# Given material:
━━━━

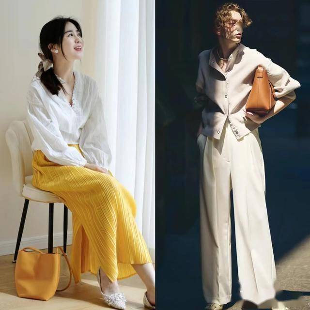 白色亚麻衬衫,搭配日光黄色的长裙,配色明媚温柔,给人一种优雅清新的女人味,是今年非常流行的配色。
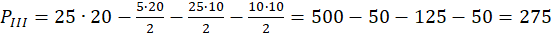 Aby obliczyć pole figury III od pola prostokąta (wymiary 20 mm x 25 mm) odejmij pola trzech trójkątów:
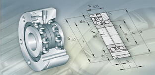 單列角接觸球軸承中,滾道的設(shè)計(jì)形式使作用力與徑向平面傾斜,并以特定的接觸角度從一個(gè)滾道傳遞至另一個(gè)滾道。軸向承載能力隨接觸角的增大而增大。由于單列角接觸球軸承具有較大的接觸角,因此,同深溝球軸承相比,更適于承受較大的單向軸向力。單列角接觸球軸承能夠承受徑向載荷和單向的軸向力。它們可以通過(guò)另一個(gè)反向安裝的軸承進(jìn)行調(diào)節(jié)。 雙列角接觸球軸承的設(shè)計(jì)類(lèi)似于一對(duì)O 型布置的單列角接觸球軸承。在這種情況下,軸承壓力線的頂角指向外部。雙列軸承能夠承受較大的徑向力及雙向的軸向力并且特別適用于實(shí)現(xiàn)軸向剛性引導(dǎo)的軸承布置。根據(jù)不同系列,軸承可以設(shè)計(jì)帶有或不帶裝球缺口。

━━━━

Except for the pictures, the whole listing above should be transcribed exactly.

 白色亚麻衬衫,搭配日光黄色的长裙,配色明媚温柔,给人一种优雅清新的女人味,是今年非常流行的配色。
 Aby obliczyć pole figury III od pola prostokąta (wymiary 20 mm x 25 mm) odejmij pola trzech trójkątów:
 單列角接觸球軸承中,滾道的設(shè)計(jì)形式使作用力與徑向平面傾斜,并以特定的接觸角度從一個(gè)滾道傳遞至另一個(gè)滾道。軸向承載能力隨接觸角的增大而增大。由于單列角接觸球軸承具有較大的接觸角,因此,同深溝球軸承相比,更適于承受較大的單向軸向力。單列角接觸球軸承能夠承受徑向載荷和單向的軸向力。它們可以通過(guò)另一個(gè)反向安裝的軸承進(jìn)行調(diào)節(jié)。 雙列角接觸球軸承的設(shè)計(jì)類(lèi)似于一對(duì)O 型布置的單列角接觸球軸承。在這種情況下,軸承壓力線的頂角指向外部。雙列軸承能夠承受較大的徑向力及雙向的軸向力并且特別適用于實(shí)現(xiàn)軸向剛性引導(dǎo)的軸承布置。根據(jù)不同系列,軸承可以設(shè)計(jì)帶有或不帶裝球缺口。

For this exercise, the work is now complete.